Yes, AI can basically do all of the homework. I had Claude create this chart using data from the Llama 3.1 launch paper

As of eight months ago, a representative survey in the US found that 82% of undergraduates and 72% of K12 students had used AI for school. That is extraordinarily rapid adoption. Of the students using AI, 56% used it for help with writing assignments, and 45% for completing other types of schoolwork. The survey found many positive uses of AI as well, which we will return to, but, for now, let’s focus on the question of AI assistance on homework. Students don’t always see getting AI help as cheating (they are simply getting answers to some tricky problem or a challenging part of an essay), but many teachers do.

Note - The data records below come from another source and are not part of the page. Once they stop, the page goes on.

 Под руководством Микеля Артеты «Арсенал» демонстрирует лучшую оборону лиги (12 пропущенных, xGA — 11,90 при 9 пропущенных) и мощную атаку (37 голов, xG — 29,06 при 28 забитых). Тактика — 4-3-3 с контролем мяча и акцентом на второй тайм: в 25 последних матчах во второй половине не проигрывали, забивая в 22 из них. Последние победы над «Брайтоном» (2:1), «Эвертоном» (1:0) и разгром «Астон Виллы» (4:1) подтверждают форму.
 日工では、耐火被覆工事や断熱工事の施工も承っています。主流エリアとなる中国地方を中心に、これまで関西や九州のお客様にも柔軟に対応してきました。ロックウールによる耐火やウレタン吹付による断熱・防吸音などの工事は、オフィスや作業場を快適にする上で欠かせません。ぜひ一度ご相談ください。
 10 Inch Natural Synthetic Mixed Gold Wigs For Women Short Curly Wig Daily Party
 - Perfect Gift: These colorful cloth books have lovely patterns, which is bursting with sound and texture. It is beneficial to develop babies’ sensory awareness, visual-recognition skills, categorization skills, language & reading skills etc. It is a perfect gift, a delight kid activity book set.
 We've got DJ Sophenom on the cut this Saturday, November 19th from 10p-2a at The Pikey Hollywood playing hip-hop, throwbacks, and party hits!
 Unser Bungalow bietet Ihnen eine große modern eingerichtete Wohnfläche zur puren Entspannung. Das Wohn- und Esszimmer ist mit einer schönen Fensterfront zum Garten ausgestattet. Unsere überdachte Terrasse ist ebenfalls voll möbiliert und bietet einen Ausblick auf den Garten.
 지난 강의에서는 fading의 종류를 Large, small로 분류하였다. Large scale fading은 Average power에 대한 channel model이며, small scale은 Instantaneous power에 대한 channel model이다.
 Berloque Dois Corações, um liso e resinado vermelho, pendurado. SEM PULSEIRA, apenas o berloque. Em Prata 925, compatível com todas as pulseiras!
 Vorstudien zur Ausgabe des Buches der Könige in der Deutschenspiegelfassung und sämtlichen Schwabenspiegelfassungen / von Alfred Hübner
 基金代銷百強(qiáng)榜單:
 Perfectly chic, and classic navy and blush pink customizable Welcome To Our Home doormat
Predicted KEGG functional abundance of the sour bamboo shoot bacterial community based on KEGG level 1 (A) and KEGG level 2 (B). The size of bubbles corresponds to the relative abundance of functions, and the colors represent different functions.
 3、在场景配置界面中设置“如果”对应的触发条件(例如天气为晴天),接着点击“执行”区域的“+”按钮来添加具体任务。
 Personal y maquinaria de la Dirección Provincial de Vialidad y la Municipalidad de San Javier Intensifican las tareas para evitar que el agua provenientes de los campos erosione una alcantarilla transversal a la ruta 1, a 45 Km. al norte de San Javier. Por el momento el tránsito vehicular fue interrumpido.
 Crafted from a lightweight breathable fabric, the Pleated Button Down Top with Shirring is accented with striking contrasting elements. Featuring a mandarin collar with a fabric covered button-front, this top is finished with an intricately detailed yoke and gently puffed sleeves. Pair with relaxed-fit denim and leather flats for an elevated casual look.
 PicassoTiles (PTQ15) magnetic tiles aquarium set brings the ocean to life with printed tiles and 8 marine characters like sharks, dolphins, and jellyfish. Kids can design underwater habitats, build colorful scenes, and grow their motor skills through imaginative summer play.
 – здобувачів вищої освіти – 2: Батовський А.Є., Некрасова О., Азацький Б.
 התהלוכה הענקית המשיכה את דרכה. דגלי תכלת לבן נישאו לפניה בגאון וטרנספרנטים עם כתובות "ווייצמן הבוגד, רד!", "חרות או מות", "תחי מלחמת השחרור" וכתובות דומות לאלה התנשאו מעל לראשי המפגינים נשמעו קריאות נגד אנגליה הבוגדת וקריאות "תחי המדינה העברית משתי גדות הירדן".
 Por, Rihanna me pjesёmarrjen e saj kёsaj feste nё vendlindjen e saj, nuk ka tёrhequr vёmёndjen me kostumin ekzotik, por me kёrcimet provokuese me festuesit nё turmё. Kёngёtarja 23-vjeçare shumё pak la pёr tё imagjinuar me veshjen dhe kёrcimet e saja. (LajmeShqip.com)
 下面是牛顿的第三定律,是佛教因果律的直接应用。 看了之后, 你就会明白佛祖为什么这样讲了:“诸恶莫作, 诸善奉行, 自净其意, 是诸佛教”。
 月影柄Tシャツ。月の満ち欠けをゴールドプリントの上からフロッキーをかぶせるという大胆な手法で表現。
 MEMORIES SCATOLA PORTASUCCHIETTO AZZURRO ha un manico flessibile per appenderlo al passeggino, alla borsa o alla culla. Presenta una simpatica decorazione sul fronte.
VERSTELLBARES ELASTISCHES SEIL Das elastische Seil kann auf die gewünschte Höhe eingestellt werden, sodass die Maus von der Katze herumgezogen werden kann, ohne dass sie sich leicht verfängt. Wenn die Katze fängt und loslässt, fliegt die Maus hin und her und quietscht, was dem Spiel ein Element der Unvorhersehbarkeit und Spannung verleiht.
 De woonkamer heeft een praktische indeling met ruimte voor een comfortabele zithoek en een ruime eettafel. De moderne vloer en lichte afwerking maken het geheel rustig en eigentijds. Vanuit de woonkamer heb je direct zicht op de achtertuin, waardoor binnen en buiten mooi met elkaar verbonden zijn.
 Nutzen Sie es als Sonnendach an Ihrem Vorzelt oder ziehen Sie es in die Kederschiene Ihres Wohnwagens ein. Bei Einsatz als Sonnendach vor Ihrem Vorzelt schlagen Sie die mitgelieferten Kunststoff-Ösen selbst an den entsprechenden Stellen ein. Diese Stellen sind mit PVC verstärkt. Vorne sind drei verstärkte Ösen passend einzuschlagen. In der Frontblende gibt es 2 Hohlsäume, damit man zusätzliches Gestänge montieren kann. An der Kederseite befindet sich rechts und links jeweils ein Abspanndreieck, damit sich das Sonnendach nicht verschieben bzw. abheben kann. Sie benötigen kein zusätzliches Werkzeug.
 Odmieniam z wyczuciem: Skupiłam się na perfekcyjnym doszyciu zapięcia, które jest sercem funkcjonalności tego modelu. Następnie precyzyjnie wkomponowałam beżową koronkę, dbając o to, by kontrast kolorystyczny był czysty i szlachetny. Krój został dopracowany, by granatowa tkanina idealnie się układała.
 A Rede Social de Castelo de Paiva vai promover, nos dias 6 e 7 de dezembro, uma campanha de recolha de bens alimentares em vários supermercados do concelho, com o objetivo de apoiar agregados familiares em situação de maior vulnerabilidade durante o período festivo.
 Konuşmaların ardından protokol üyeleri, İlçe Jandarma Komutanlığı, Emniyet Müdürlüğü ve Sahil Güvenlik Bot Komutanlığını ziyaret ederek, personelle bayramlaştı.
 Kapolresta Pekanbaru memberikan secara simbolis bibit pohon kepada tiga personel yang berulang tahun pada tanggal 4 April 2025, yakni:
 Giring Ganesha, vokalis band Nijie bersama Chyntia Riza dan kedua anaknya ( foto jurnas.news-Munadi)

To be clear, AI is not the root cause of cheating. Cheating happens because schoolwork is hard and high stakes. And schoolwork is hard and high stakes because learning is not always fun and forms of extrinsic motivation, like grades, are often required to get people to learn. People are exquisitely good at figuring out ways to avoid things they don’t like to do, and, as a major new analysis shows, most people don’t like mental effort. So, they delegate some of that effort to the AI. In general, I am in favor of delegating tasks to AI (the subject of my new class on MasterClass), but education is different - the effort is the point.

As mental tasks get harder, we tend to feel worse, according to this new paper.

This is not a new problem. One of the first uses of any new technology has always been to get help with homework. A study of thousands of students at Rutgers found that when they did their homework in 2008, it improved test grades for 86% of them (see, homework really does help!), but homework only helped 45% of students in 2017. Why? The rise of the Internet. By 2017, a majority of students were copying internet answers, rather than doing the work themselves.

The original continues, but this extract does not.